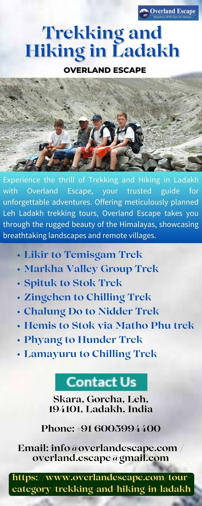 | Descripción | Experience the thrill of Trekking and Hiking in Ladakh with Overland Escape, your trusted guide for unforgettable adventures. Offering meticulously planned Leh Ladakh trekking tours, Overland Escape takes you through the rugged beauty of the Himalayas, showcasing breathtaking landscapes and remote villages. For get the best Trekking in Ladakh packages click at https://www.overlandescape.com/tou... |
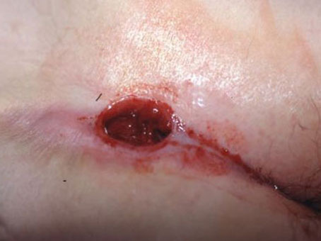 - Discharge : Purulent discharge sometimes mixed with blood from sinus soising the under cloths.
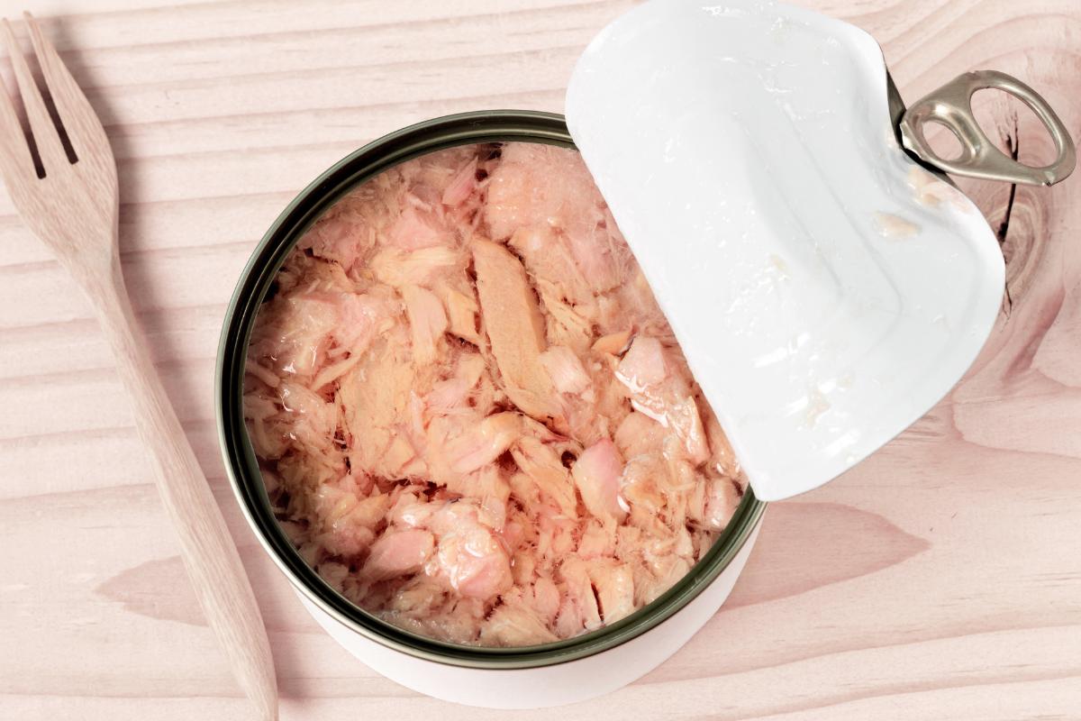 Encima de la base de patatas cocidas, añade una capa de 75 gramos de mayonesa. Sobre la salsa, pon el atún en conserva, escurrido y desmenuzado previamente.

> **REQUIREMENT**
Write down the full listing above exactly as it is, except for any images.

> **SOLUTION TO THE PROBLEM**
 | Descripción | Experience the thrill of Trekking and Hiking in Ladakh with Overland Escape, your trusted guide for unforgettable adventures. Offering meticulously planned Leh Ladakh trekking tours, Overland Escape takes you through the rugged beauty of the Himalayas, showcasing breathtaking landscapes and remote villages. For get the best Trekking in Ladakh packages click at https://www.overlandescape.com/tou... |
 - Discharge : Purulent discharge sometimes mixed with blood from sinus soising the under cloths.
 Encima de la base de patatas cocidas, añade una capa de 75 gramos de mayonesa. Sobre la salsa, pon el atún en conserva, escurrido y desmenuzado previamente.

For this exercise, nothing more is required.